_Task brief:_ Once you reach the line containing "DREI VIERTEL MOND", reproduce it and every later line exactly, through the end of the data.

--- Data under study Enclosed Below ---

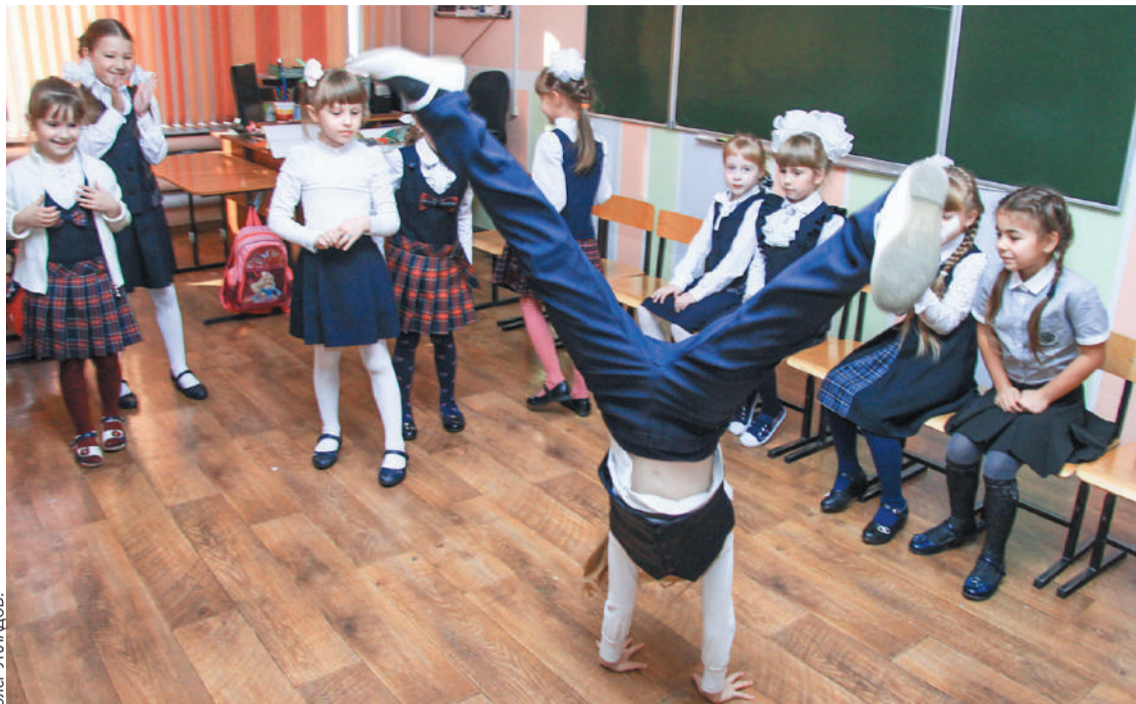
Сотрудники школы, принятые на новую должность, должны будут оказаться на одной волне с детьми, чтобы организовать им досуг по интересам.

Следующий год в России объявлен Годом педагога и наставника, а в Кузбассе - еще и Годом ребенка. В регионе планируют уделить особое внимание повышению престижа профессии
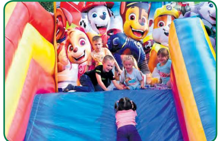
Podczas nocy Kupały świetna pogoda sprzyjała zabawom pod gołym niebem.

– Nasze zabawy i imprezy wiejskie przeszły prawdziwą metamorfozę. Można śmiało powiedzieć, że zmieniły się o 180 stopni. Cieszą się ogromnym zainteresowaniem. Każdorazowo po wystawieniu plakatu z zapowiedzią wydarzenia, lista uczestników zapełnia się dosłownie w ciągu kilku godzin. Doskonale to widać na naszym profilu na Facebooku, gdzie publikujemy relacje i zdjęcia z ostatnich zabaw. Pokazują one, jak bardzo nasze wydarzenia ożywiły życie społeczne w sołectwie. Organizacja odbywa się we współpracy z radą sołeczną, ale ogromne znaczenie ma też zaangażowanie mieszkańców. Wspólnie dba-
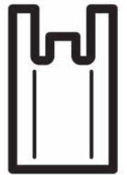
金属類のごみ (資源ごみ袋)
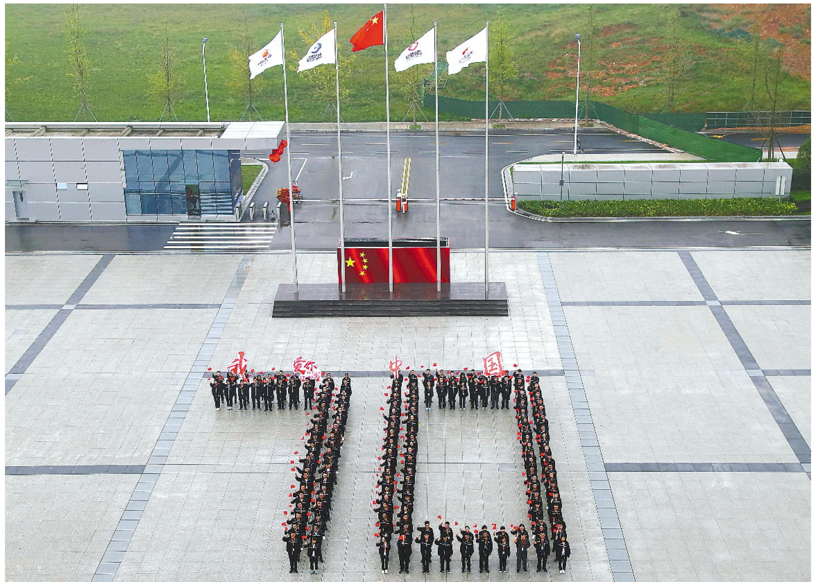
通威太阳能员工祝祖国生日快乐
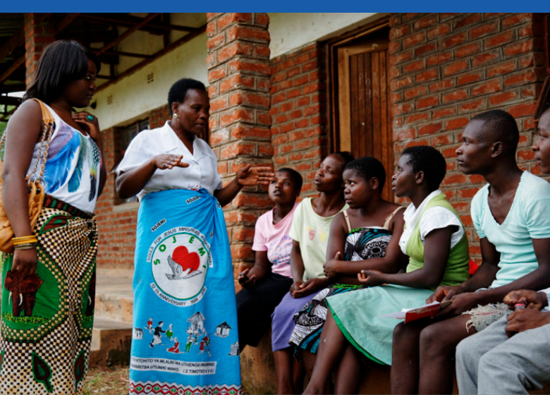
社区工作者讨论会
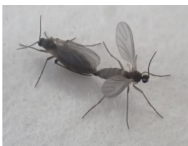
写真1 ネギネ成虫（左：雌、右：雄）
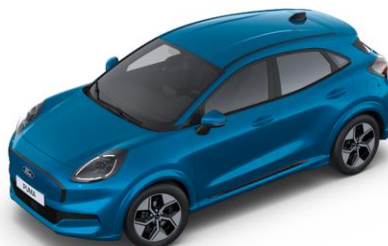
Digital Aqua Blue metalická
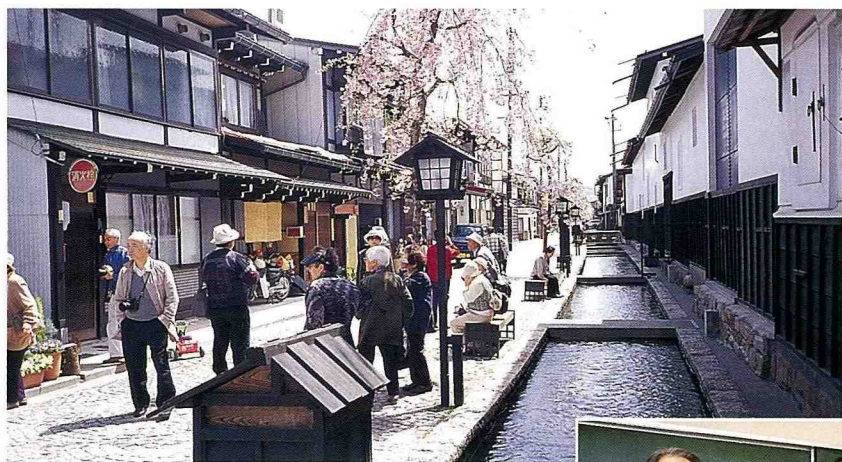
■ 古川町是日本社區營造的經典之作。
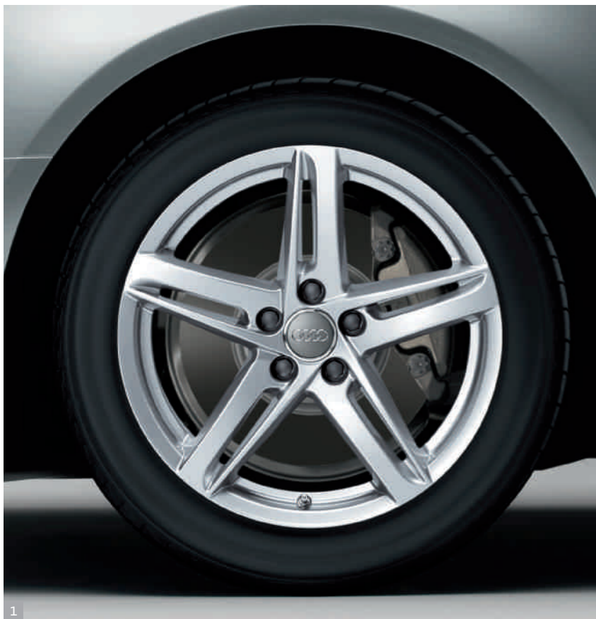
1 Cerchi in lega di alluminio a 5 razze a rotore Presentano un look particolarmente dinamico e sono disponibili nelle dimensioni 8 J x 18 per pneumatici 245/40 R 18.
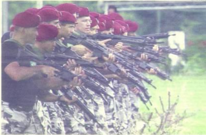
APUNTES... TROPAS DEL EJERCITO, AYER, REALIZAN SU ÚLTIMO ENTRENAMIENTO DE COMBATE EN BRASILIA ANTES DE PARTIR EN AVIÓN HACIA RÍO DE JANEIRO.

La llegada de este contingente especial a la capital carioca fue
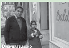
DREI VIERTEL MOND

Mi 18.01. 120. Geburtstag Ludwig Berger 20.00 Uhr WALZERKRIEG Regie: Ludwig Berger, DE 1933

--- End of Enclosed Data under study ---

_Task result:_
DREI VIERTEL MOND

Mi 18.01. 120. Geburtstag Ludwig Berger 20.00 Uhr WALZERKRIEG Regie: Ludwig Berger, DE 1933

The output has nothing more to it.